Further, the total received power

$\begin{array}{ll}{P}_r=\frac{|E{|}^2{\lambda }^2}{4\pi \eta }& (9)\end{array}$

can be calculated straightforwardly. For wideband channel simulation, the propagation delay of paths caused by individual tiles can be incorporated within the time-variant CIR h(t,τ) as

$\begin{array}{ll}h(t,\tau )={\alpha }_{\text{LoS}}(t)\delta (\tau -{\tau }_{\text{LoS}})+{\alpha }_{coh}(t)\delta (\tau -{\tau }_{coh})+{\displaystyle \sum _{n=1}^N{\alpha }_{n,inc}(t)\delta (\tau -{\tau }_{n,\text{inc}})}& (10)\end{array}$

where δ(·) is the Delta function, α_LoS(t) and α_coh(t) are the amplitude of the electric field strength of the LoS component and coherent component, respectively. α_n,inc(t) represents the amplitude of the impulse response of the nth tile, which is proportional to the root of the received power.

In this section, we want to present the derived maritime channel model and verify it with measurement data from the North Sea. Since the maritime scenario is non-stationary and the main influence comes from the environment around the ships, a geometric stochastic channel model is the appropriate choice for the maritime propagation model.

We consider the three types of channel components proposed by Bello (1973): the LoS component, the specular reflection component, and the scattering component.

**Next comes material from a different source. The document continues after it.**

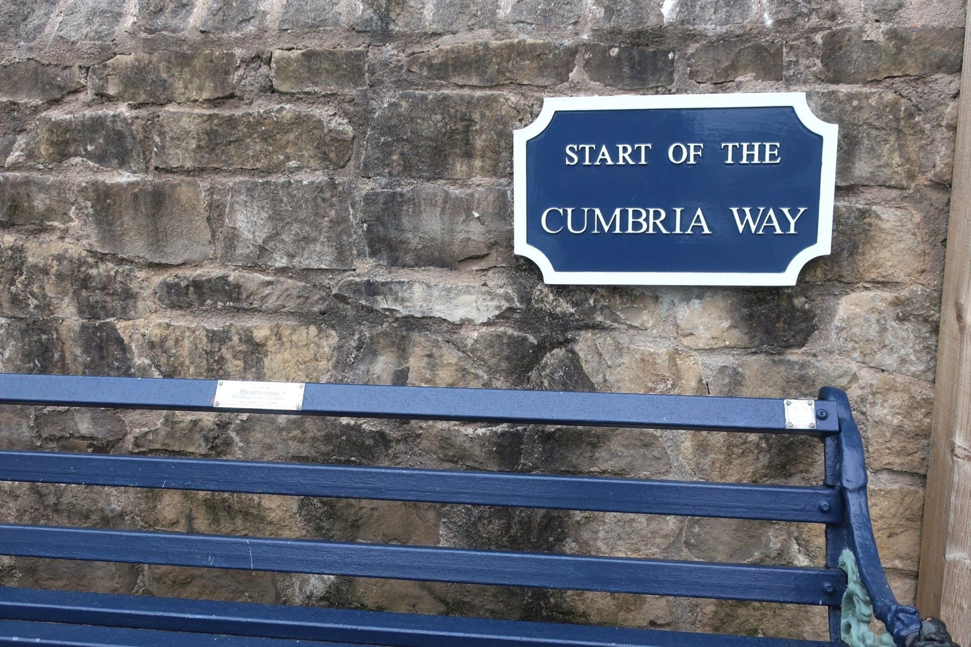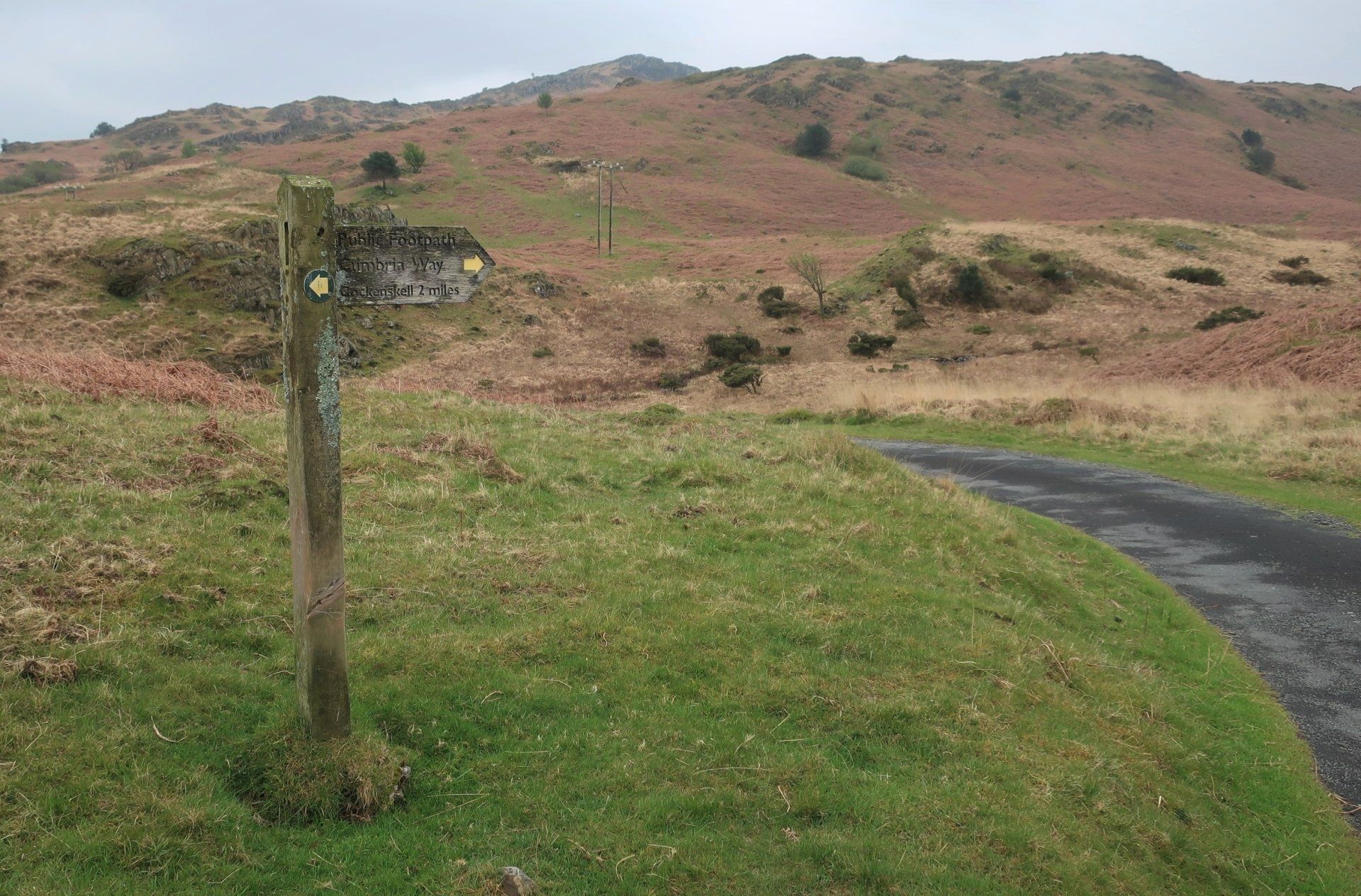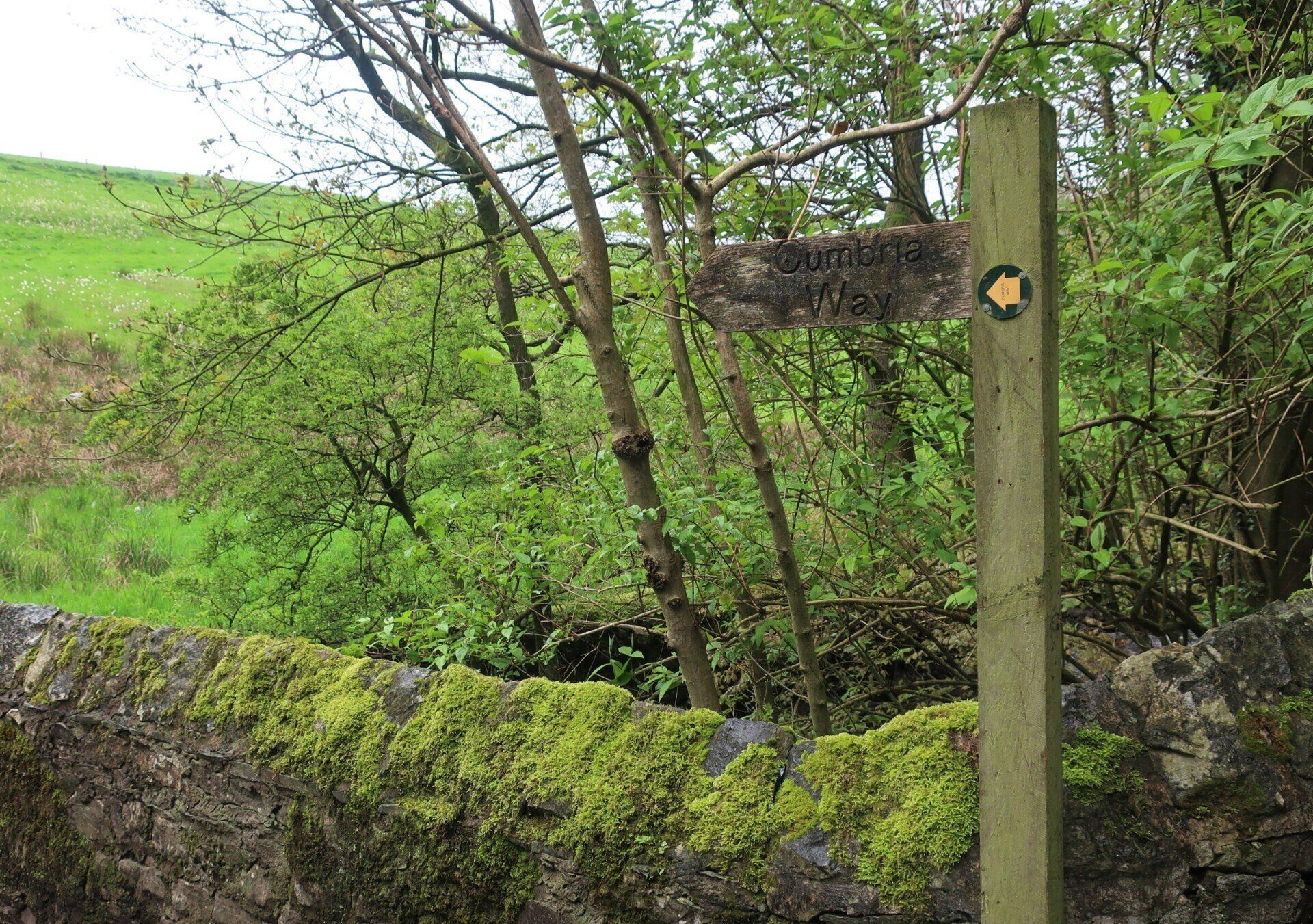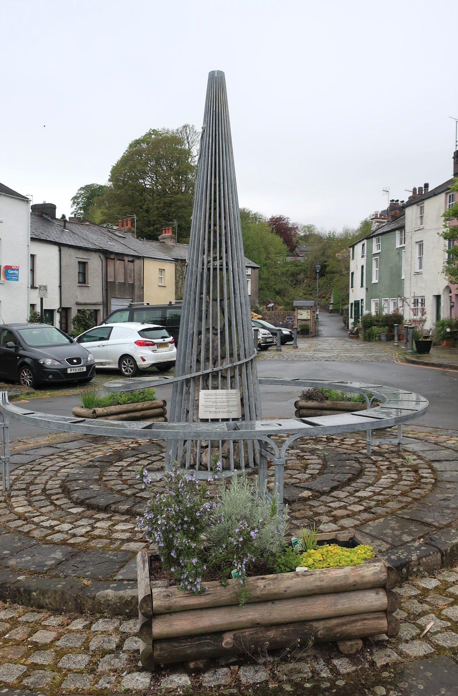 A comfy bed, a good nights sleep and then hogging out on waffles and bacon for breaky set me up for my first day’s walk to Coniston, a 16 mile walk, initially through farm country but then into the Lake District fells. First off I find The Gill, the official start of the Cumbria Way, marked by an interesting sculpture, integrating rocks from the route, compass points and OS map references. Quirky

In addition, we distinguish in our model between two types of scattering: sea and land scattering. This way, we can use a different approach to model each type of scattering by exploiting its different characteristics. Sea scattering is caused by sea waves and is always present in a maritime channel. The land scattering, caused by the land and constructions, is only present when the ships are close to the land. The CIR can then be described as

$\begin{array}{ll}{h}_{tot}(t,\tau )=h_{\text{LoS}}(t,\tau )+h_{\text{coh}}(t,\tau )+h_{\text{inc,land}}(t,\tau )+h_{inc,sea}(t,\tau )& (11)\end{array}$

The basis of the channel model is a realistic representation of the environment. Thus, we model both the sea and the land surfaces that contribute to the scattering or reflection of the radio signals. The land surfaces are modeled by a number of finite planes; see Walter et al. (2020) and Bellido-Manganell and Walter (2022) for more details. Since the ships were in the middle of the German Bight, Heligoland was the only land surface from which we received scattering and reflections. A precise description of the land scattering is obtained by modeling the cliffs and rocks of the island in a mathematical concise way described in the subsequent subsection.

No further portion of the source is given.